I want to prove the following statement using mathematical induction. (This problem appears in an assignment about mathematical induction.)
For every graph $G=(V,E)$, if it doesn't contain a cycle, then $|E|\leq|V|-1$.
I know that the inequality holds when $G$ is a tree. I'm struggling to find an induction proof of this statement. I assume that we'll use induction on the number of vertices of $G$, i.e., $|V|$. Below is my attempt.
- Base case: When $|V|=1$, $|E|=0$, and the inequality holds. Hence the statement is true when $|V|=1$.
- Induction step: Let $k\geq1$ be a given integer. Suppose the statement holds for graphs with $|V|=k$.
This is where I got stuck. I don't know how to utilize the induction hypothesis and complete the induction step. Any ideas? Thanks a lot.
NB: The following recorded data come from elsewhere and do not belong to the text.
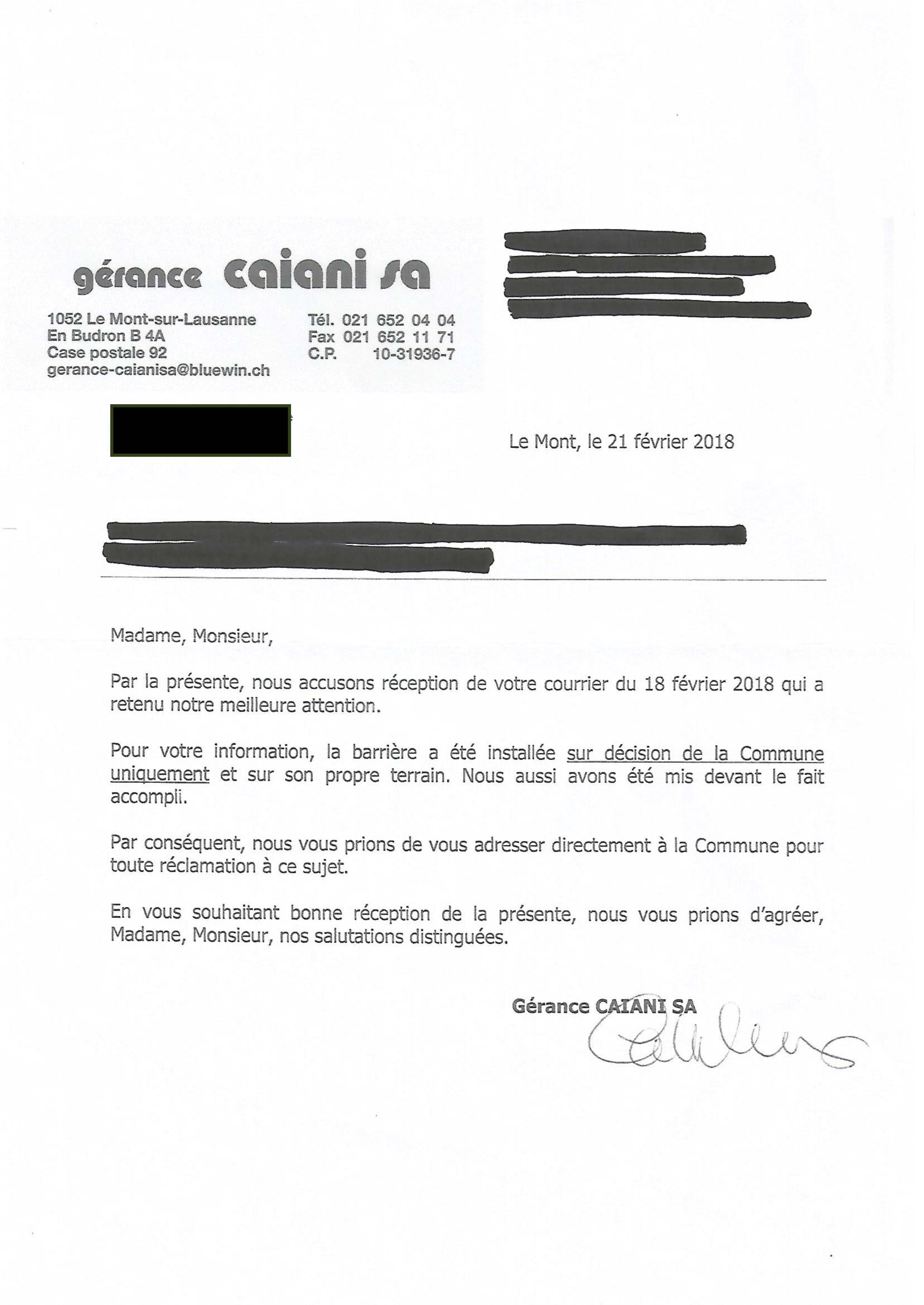 Les 185 signataires de la pétition contre la barrière du Grand-Mont nous ont demandé de publier la réponse de la Municipalité à leur lettre du 26 janvier dernier. Il est important de noter que les pétitionnaires ne sont pas satisfaits par cette réponse.
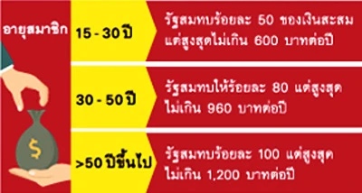การส่งเงินสะสมขั้นต่ำได้ตั้งแต่ 50 บาท แต่เมื่อรวมกันแล้วไม่เกิน 13,200 บาทต่อปี เมื่อสมาชิกส่งเงินสะสม รัฐบาลจะจ่ายเงินสมทบให้ภายในสิ้นเดือนถัดไป ดังนี้
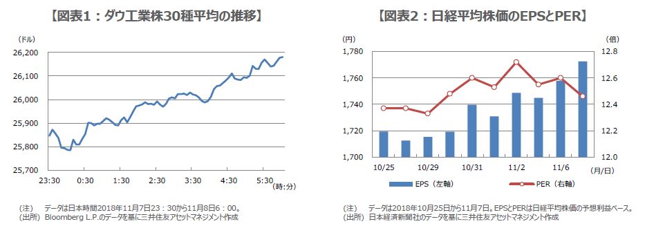 ダウ工業株30種平均は11月7日、前日比545ドル29セント高の26,180ドル30セントで取引を終え、10月9日以来となる節目の26,000ドルを回復しました(図表1)。米下院議長への就任が見込まれる民主党のナンシー・ペロシ院内総務が同日、トランプ米大統領と共にインフラ投資に取り組みたいとの考えを示し、追加的な景気刺激策への期待が膨らんだことが株高の一因とみられます。
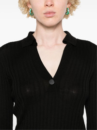 Snap polo sweater Highlights - Black - Wool-silk blend - Knitted construction - Polo collar - V-neck - Long sleeves - Faux front button fastening - Raw-cut hem Imported Composition Wool 71%, Silk 27%, Nylon 1%, Spandex/Elastane 1% SIZE & FIT Model measurements Height 5 ft 9 in(1.74 m) Bust/Chest 34.64 in(88 cm) Hips 36.61 in(93 cm) Waist 26.37 in(67 cm) FittingInformation Designed for a slim fit that sits just away from the body offering a close yet comfortable fit Made with a midweight knit, this piece offers some stretch This piece fits true to size – take your usual size
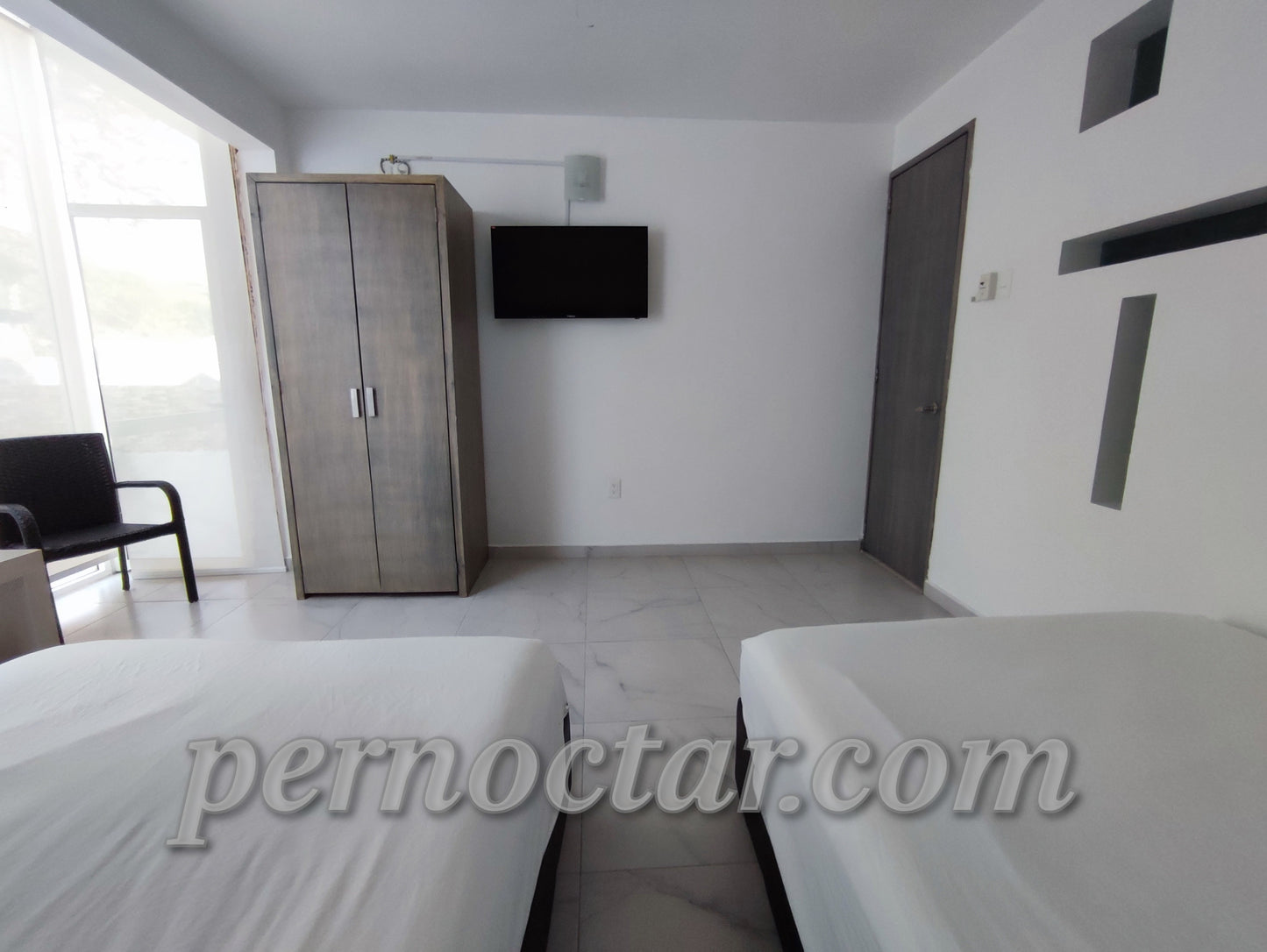 - 2 camas matrimoniales, aire acondicionado, TV con señal local (balcón).
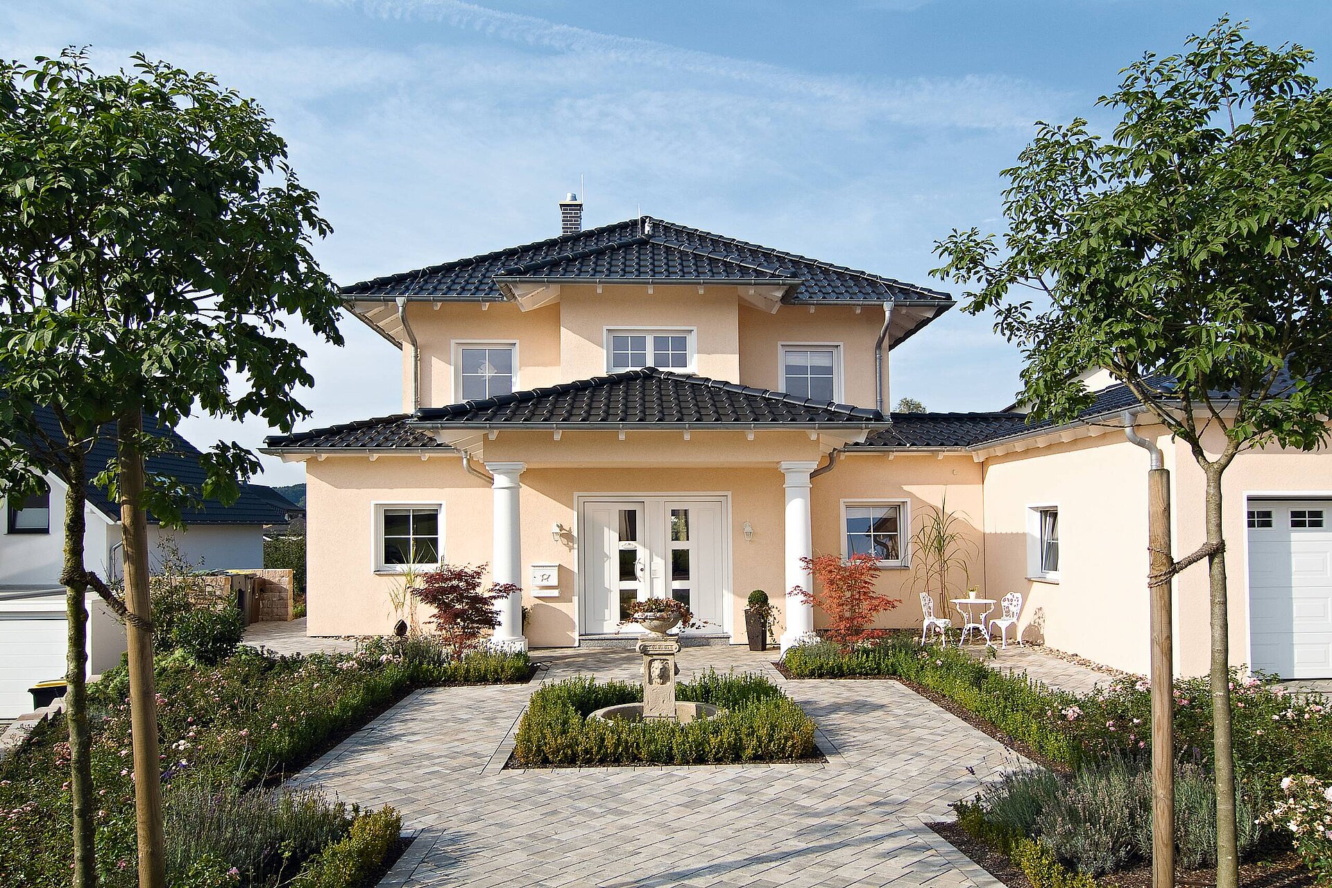 Die mediterrane Architektur stand bei diesem individuellen Entwurf Pate. Das Hauseingangsportal wirkt durch die Säulen und das ausladende Vordach besonders imposant. Das Obergeschoss ist ein kleines Stück nach innen versetzt, was dem Haus Leichtigkeit verleiht. Das Innere besticht durch eine offene Gestaltung. Die hochwertigen Materialien in erdigen Farbtönen machen die Wohnräume zu einer Quelle von Harmonie und Lebensfreude.
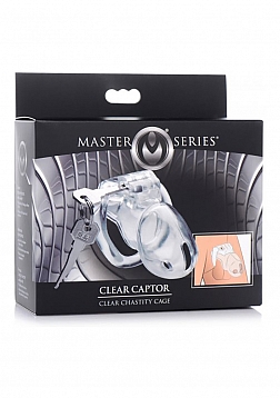 Confine your sub in this clear chastity prison! The Clear Captor locks your partners sexuality in clear view, preventing them from pleasuring themselves until you set them free. Made with forgiving materials for long term comfort, as well as a generous amount of ventilation holes and a pee through tip. The Clear Captor includes 4 ball rings of graduating size to fit all kinds of ball sacks! Whether your partner is high and tight or loose and large, choose from the smallest 1.7 inch ring to the largest 2.2 inches to lock their balls until further notice. The durable ABS plastic used for the Clear Captor is smooth and forgiving, perfect for all day chastity play. The cage itself features plenty of ventilation and a cum-thru tip for the necessaries, but remains rigid and firm for a sense of security and confidence for the wearer. The secure locking mechanism secures this cage without pesky locks getting in the way! The Clear Captor includes two keys, one for you and the other for your sub in case of emergencies.

Let's continue the mathematical induction based on the number of vertices: Assuming that the proposition holds for a graph with $k$ vertices. Now, suppose $G$ is a graph with $k+1$ vertices. Then $G$ must have a vertex of degree 1, denoted by $v$. Otherwise, $\delta(G) \geq 2$ implies that $G$ must contain a cycle (which can be proven by considering the longest path in $G$).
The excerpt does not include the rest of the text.